Demeter

Ancient Grains & Harvests (Part 6)

This blog post is part of a series that I (Richard) am writing about grain and agricultural themes in classic art. The research I am sharing here will contribute to a new book that will soon be published under the title Hallowed Harvests. You can read other posts in this series here.

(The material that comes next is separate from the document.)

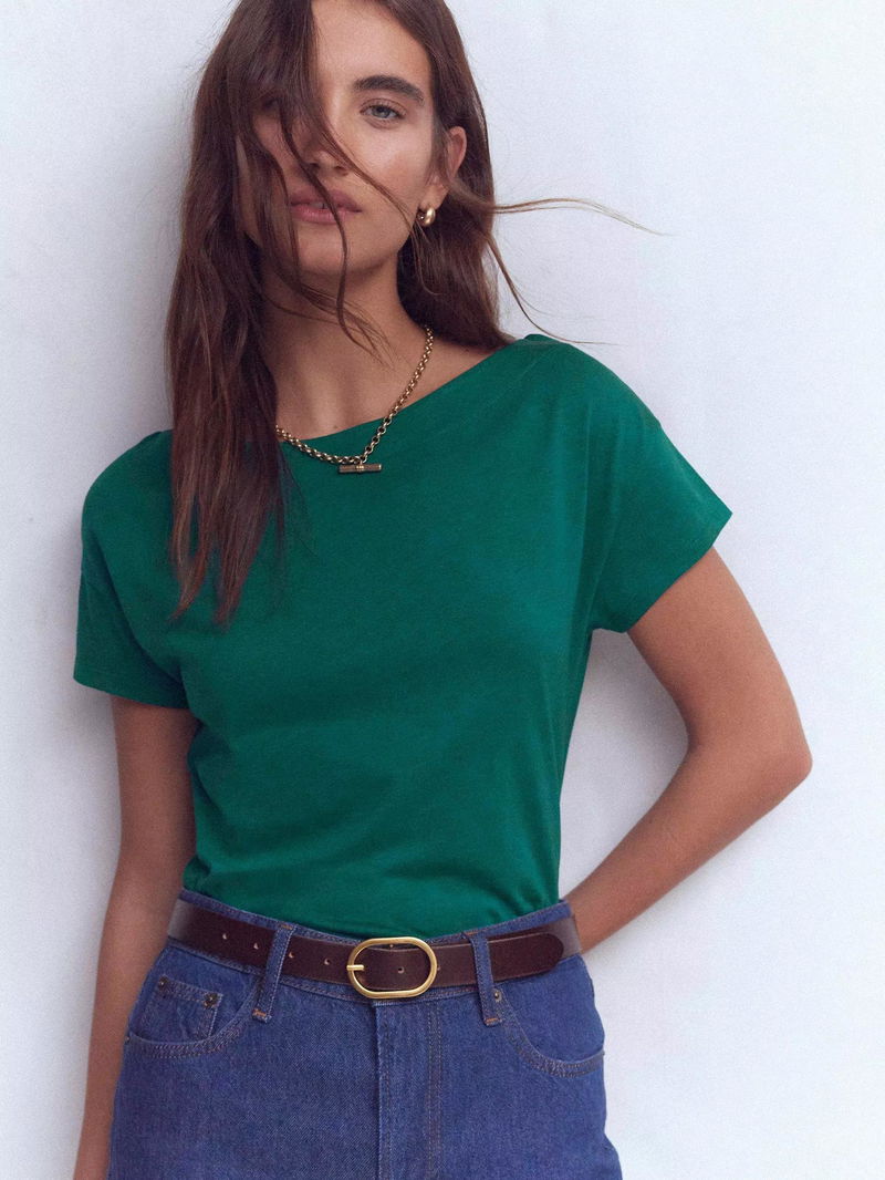 How to hit refresh on an everyday basic? Boden have played with shape when crafting this soft cotton-blend tee. It's cut for a slim fit with a boat neck and shorter sleeves. You'll love the bright colour, too.

The Georgic World and Roman Expansion

The Latin root of Ceres’ name, ker, is cognate to “cereal,” “create,” and “crescent,” while the name “Demeter” also relates to “matter” and “meter.” The latter word suggests the natural rhythms of nature less known since the industrial age, yet inexorably evident in Time’s harvest of human life. The implicit hope of death’s renewal for the new generation, therefore, was not a grim prospect to ancient peoples in spite of its subsequent medieval association with a fearsome scythe-bearing reaper. The Roman god Saturn was sometimes depicted with scythe or sickle because of his associations with agriculture, generation, and renewal, and was celebrated from December 17 to 23 in the major Roman festival Saturnalia preceding the winter solstice.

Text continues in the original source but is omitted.